Captain Frank Brady
When I discovered that gr-gr-grandpa, Jasper Sawyers, had been killed by "Capt. Frank Brady of Gen. Duke's late command," I set out to learn something about Brady's background. He turns out to be a rather colorful character.
As a Confederate Colonel, John Hunt Morgan commanded a regiment of Kentucky cavalry that conducted a famous series of raids behind northern lines into Ohio and Indiana in 1862-63.
Morgan's cavalry was led by an elite unit known as Quirk's Raiders where Frank Brady served as one of three lieutenants. Brady appears in accounts of the war written by both Curtis R. Burke and Dr. John Allan Wyeth. This description comes from Wyeth's autobiography, With Sabre and Scalpel.
In the late summer of 1862 a squadron of Morgan's Kentucky cavalry in command of Maj. Basil W. Duke marched into Guntersville, Ala., my native town. They left at our home in my mother's care Lieut. Frank Brady, who had suffered an injury to one knee in a skirmish a day or two before at Whitesburg Landing, on the Tennessee River.
Of Irish extraction, born and reared near Georgetown, in the blue grass region, Brady was at this time about twenty five years of age, of athletic build, graceful carriage, handsome features, possessing withal an attractive personality. To other charms was added a well-trained voice, and he sang with feeling and expression many of the popular songs of that day. Among these I still recall "Lorena," "Bonnie Mary of Argyle," and "Johnny Has Gone for a Soldier."

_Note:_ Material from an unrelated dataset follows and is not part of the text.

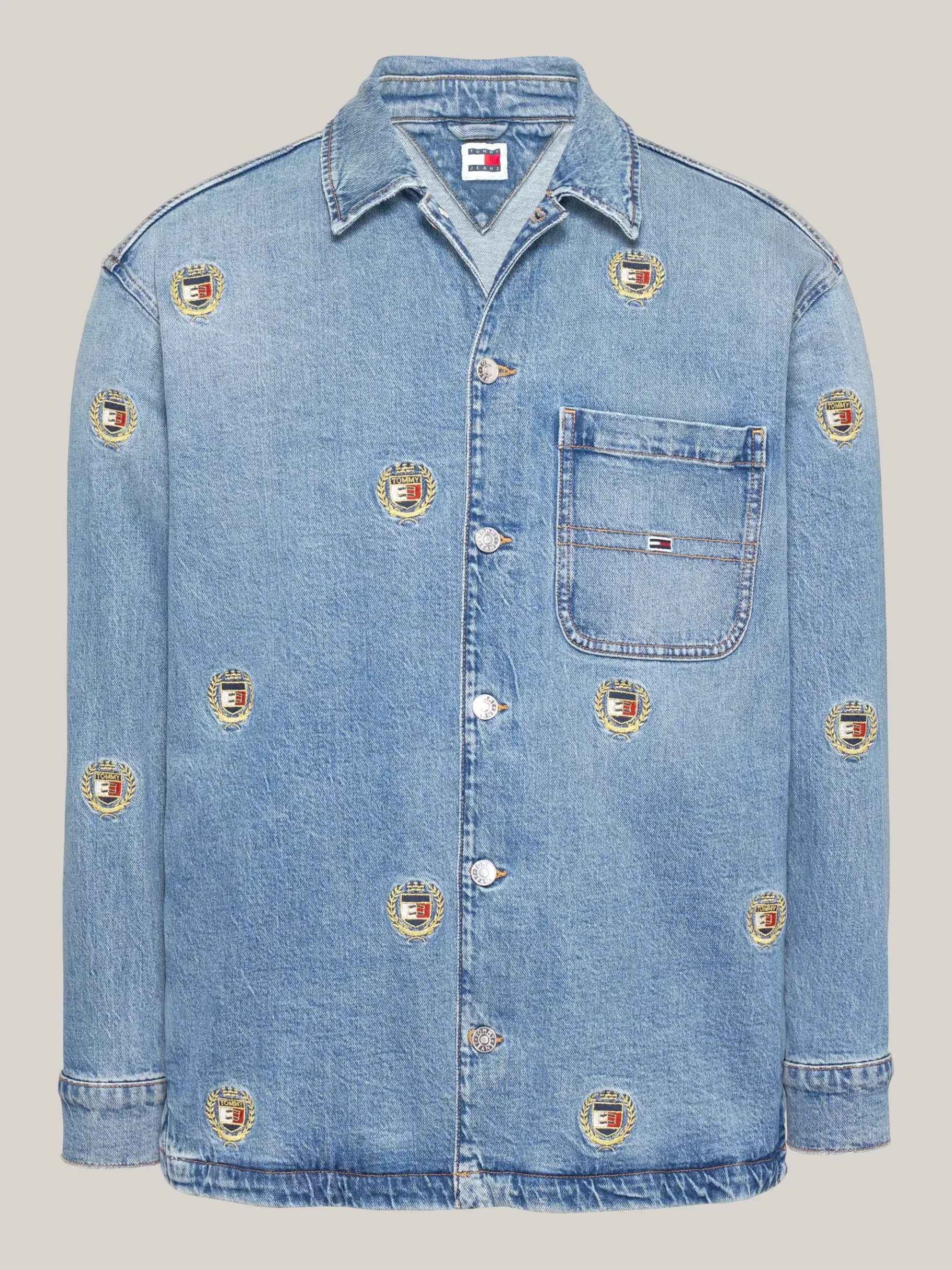 Verpass deinen Smart-Casual-Outfits ein Upgrade in Form dieses vielseitigen Denim-Overshirts mit Wappen-Stickereien und praktischer Brusttasche.

When General Morgan was killed in September of 1864, Basil Duke took over command. In this capacity, Duke's forces accompanied Jefferson Davis when he fled Richmond in May of 1865 bound for the Florida Keys and ultimately, Cuba. The final official acts of the Confederate government took place in the town of Washington Georgia, about sixty miles east of Atlanta, on May 5. It was here that Basil Duke surrendered his remaining men. This town was the home of Robert Toombs who had initially been Secretary of State and later served as a general for the Confederacy before beconing disillusioned with Jefferson Davis. Nevertheless, when Davis and his cabinet appeared in town, Toombs offered Davis both money and assistance in fleeing the country. Although Toombs' home was in Washington, he also had a plantation near the Alabama border, a few miles from Eufaula. Toombs appears to have been present in Columbus, GA, on April 16 defending a bridge in what is considered the last battle of the Civil War.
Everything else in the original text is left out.